## BRIEF:
Begin your copy at the line holding "Cookie Monster approved!" and end it at the last line of the listing. Keep every line exact and leave out the pictures.

## INPUT DATA:

=====

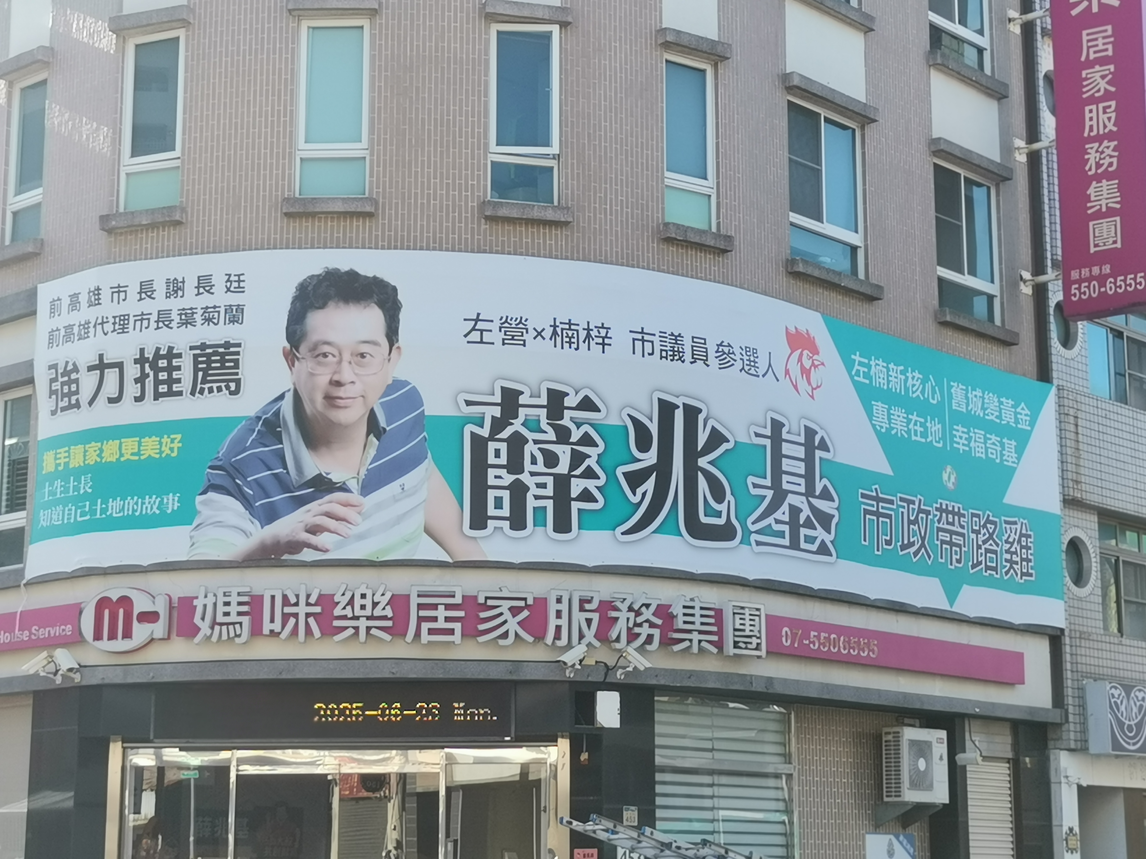 薛兆基競選辦公室外視覺帆布廣告。(圖/薛兆基辦公室提供)
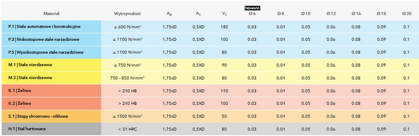 Warunki skrawania:
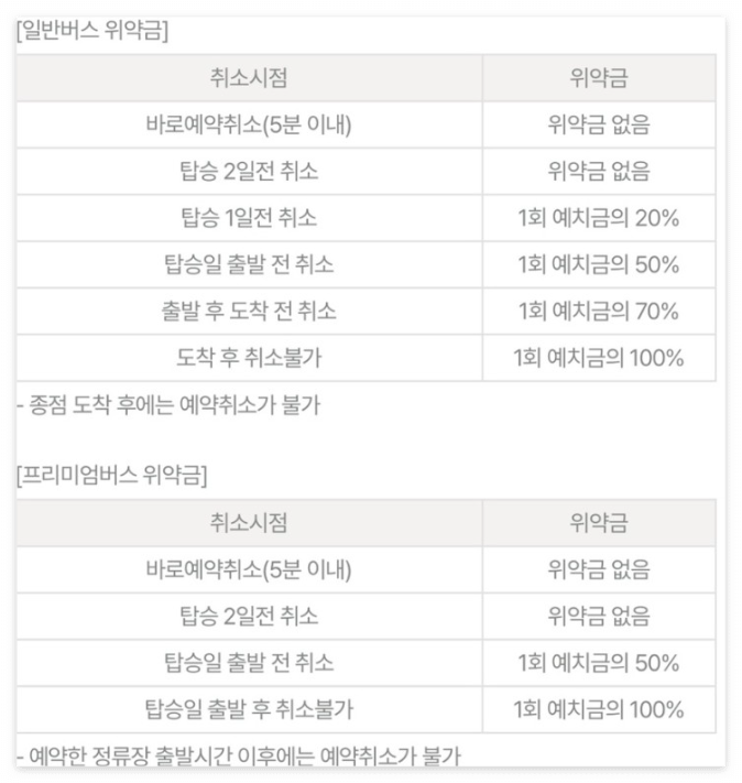 - 예약 후 5분 이내 예약취소시 위약금은 부과되지 않습니다.
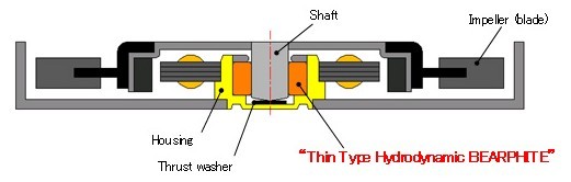 最新商業(yè)化的“薄型流體動(dòng)壓軸承”具有優(yōu)化的流體動(dòng)壓槽規(guī)格及薄風(fēng)扇電機(jī)的槽加工條件,并使用新開(kāi)發(fā)的潤(rùn)滑油,即使在惡劣的工作條件下,也能夠保持流體動(dòng)壓,并由此提供了高水平的靜音和可靠性。
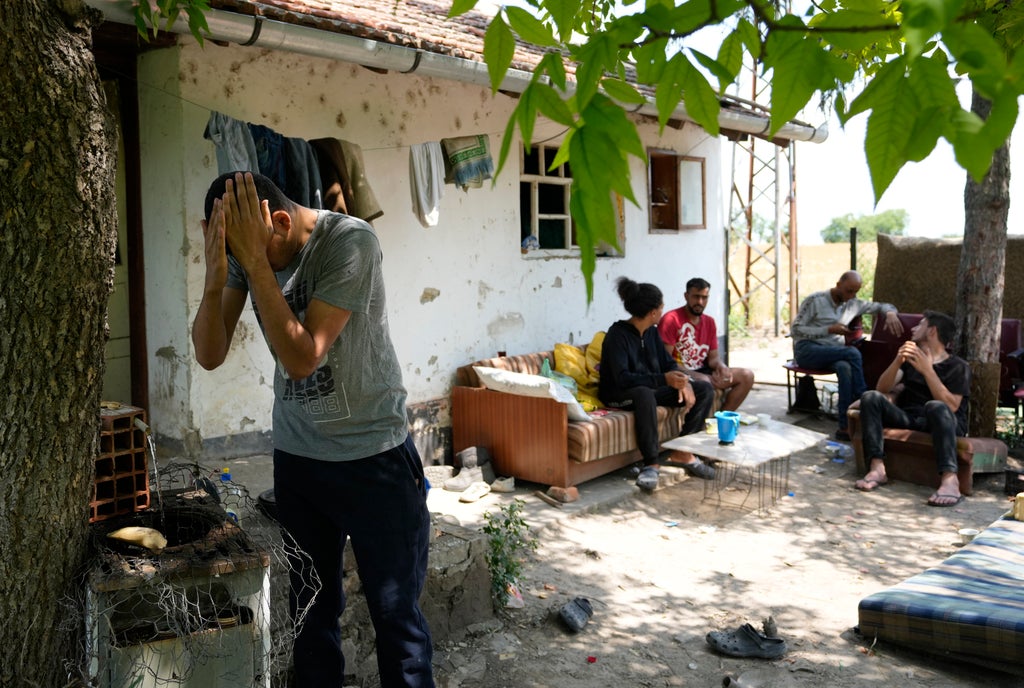 At the other end of the village, in another house, migrants were using an old sofa to sit outside during the day. Inside, makeshift beds and personal belongings could be seen lined by the walls. An old ceiling in one of the rooms has started to crumble.
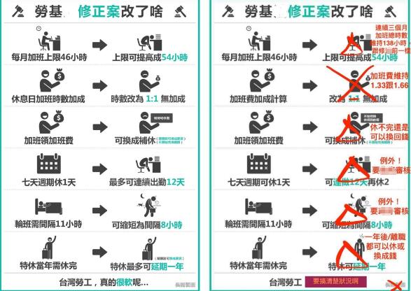臺灣物理治療師林長揚近日整理了“勞基法”修正案中被修改的內容,并制成圖表供網友閱覽,從現行規定到新修正案作出一系列的比較,列出了6大點,并提出雖然部分規定都強調可以“勞資協商”,“但你我都知道,臺灣大部分的勞資協商都是……臺灣勞工,真的很軟呢!期待‘勞動部’進一步函釋,與落實勞檢!”
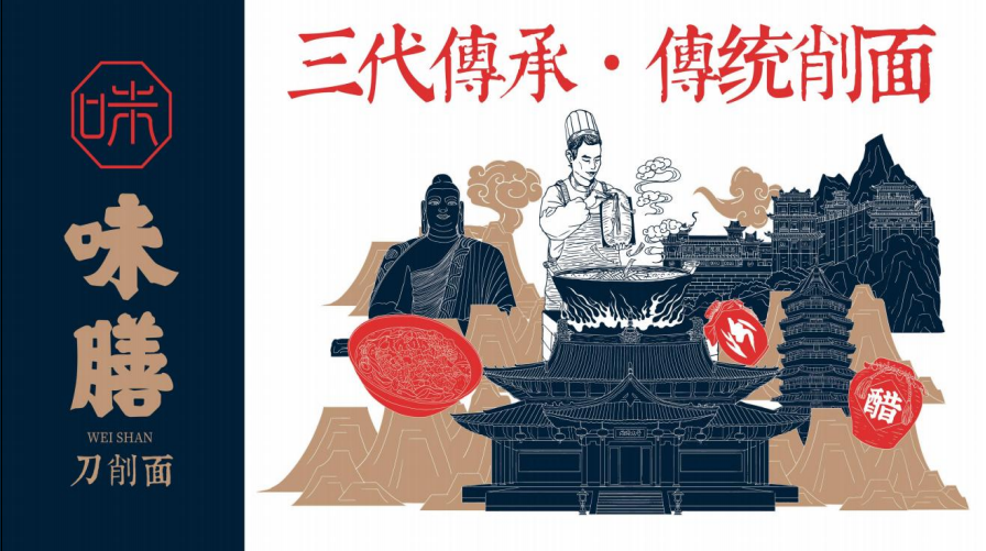 - 文化基因注入 :设计灵感深度挖掘大同的文化元素。主色调提取自古建筑中的佛金、朱红、藏青,彰显古都的厚重与华美。辅助图形巧妙融合"九龙壁海浪"的磅礴与"刀削面"的灵动线条,创造出独一无二的品牌纹样。
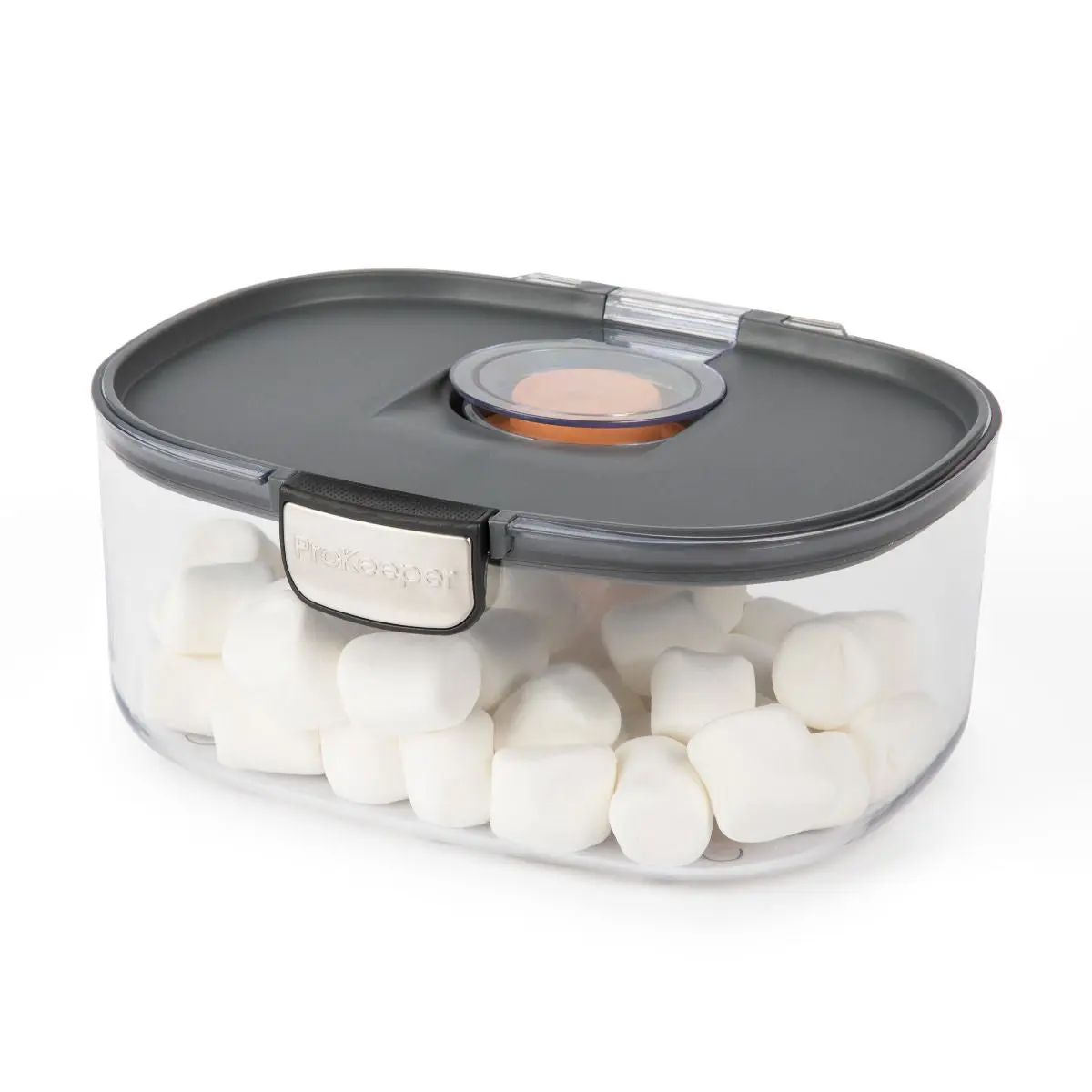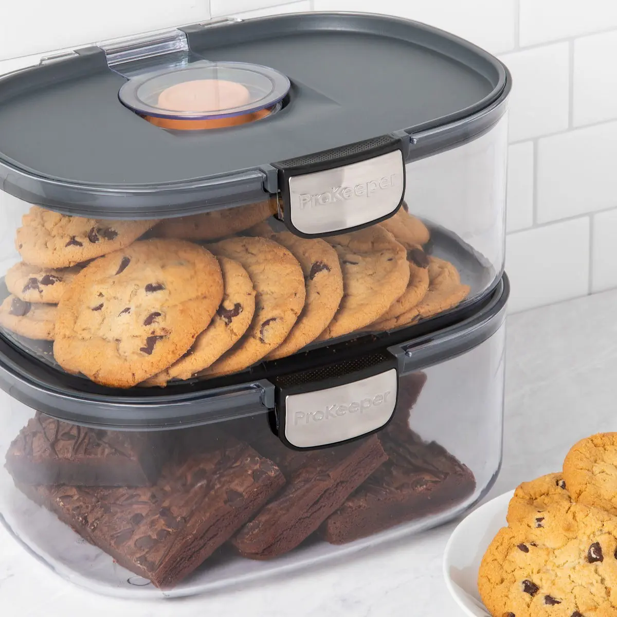Cookie Monster approved! This 3-quart ProKeeper+ Cookie Keeper is perfect for storing its contents fresh for longer. Ideal for desserts or food that easily dry out, such as cookies, brownies, and marshmallows. Designed with an airtight silicone seal and a terracotta disk that stores in the lid, this stackable storage container will keep your favorite treats fresh.
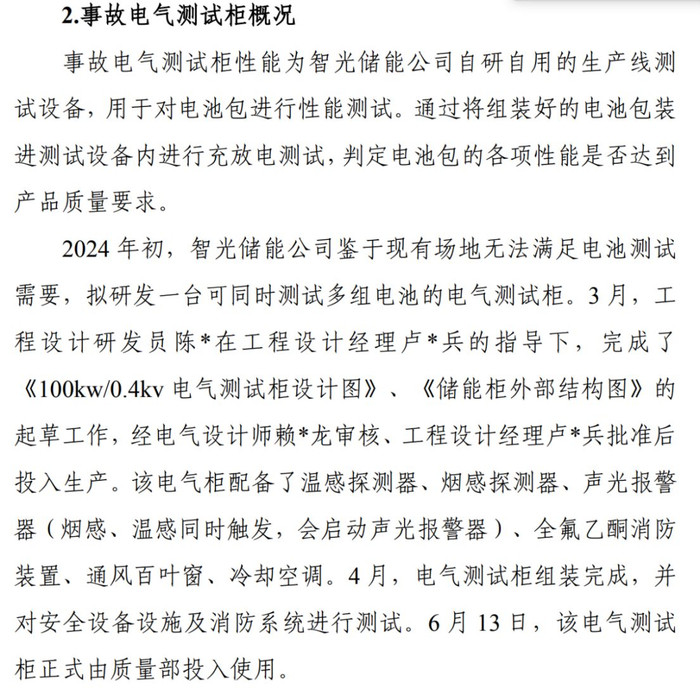 2024年头,亚搏体育app中国最新版本智光储能鉴于现存场合无法娇傲电板测试需要,拟研发一台可同期测试多组电板的电气测试柜。4月,电气测试柜拼装完成,并对安全建筑设施及消防系统进行测试。6月13日,该电气测试柜正经由质料部干与使用。这也意味着,事故发生于该电气测试柜干与使用的次日。
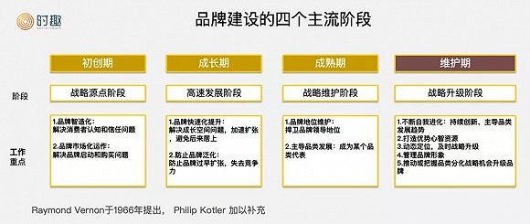 每個企業(yè)的品牌建設(shè)都能同樣劃分為四個階段:初創(chuàng)期、成長期、成熟期、維護(hù)期,每個階段的具體目標(biāo)和訴求都不相同。
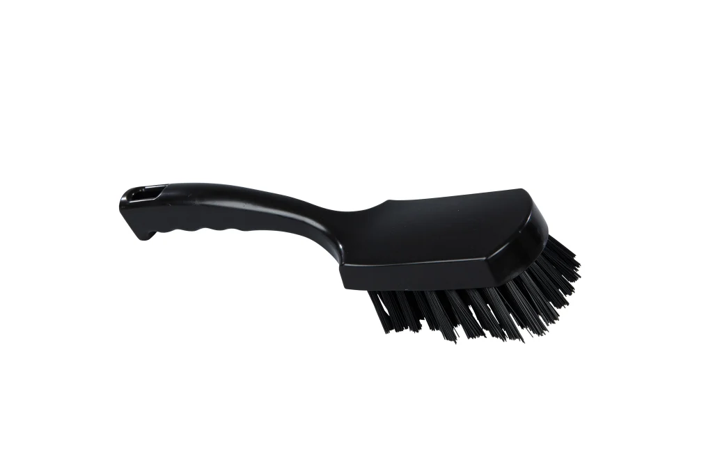 Cepillo panadero Resin Set con cerdas de rigidez media PBT 0.50 mm, de 275 x 70 mm, mango corto de polipropileno, recomendado para limpieza intensiva en equipamiento y superficies, enfocado en esquinas.

=====

## SOLUTION:
Cookie Monster approved! This 3-quart ProKeeper+ Cookie Keeper is perfect for storing its contents fresh for longer. Ideal for desserts or food that easily dry out, such as cookies, brownies, and marshmallows. Designed with an airtight silicone seal and a terracotta disk that stores in the lid, this stackable storage container will keep your favorite treats fresh.
 2024年头,亚搏体育app中国最新版本智光储能鉴于现存场合无法娇傲电板测试需要,拟研发一台可同期测试多组电板的电气测试柜。4月,电气测试柜拼装完成,并对安全建筑设施及消防系统进行测试。6月13日,该电气测试柜正经由质料部干与使用。这也意味着,事故发生于该电气测试柜干与使用的次日。
 每個企業(yè)的品牌建設(shè)都能同樣劃分為四個階段:初創(chuàng)期、成長期、成熟期、維護(hù)期,每個階段的具體目標(biāo)和訴求都不相同。
 Cepillo panadero Resin Set con cerdas de rigidez media PBT 0.50 mm, de 275 x 70 mm, mango corto de polipropileno, recomendado para limpieza intensiva en equipamiento y superficies, enfocado en esquinas.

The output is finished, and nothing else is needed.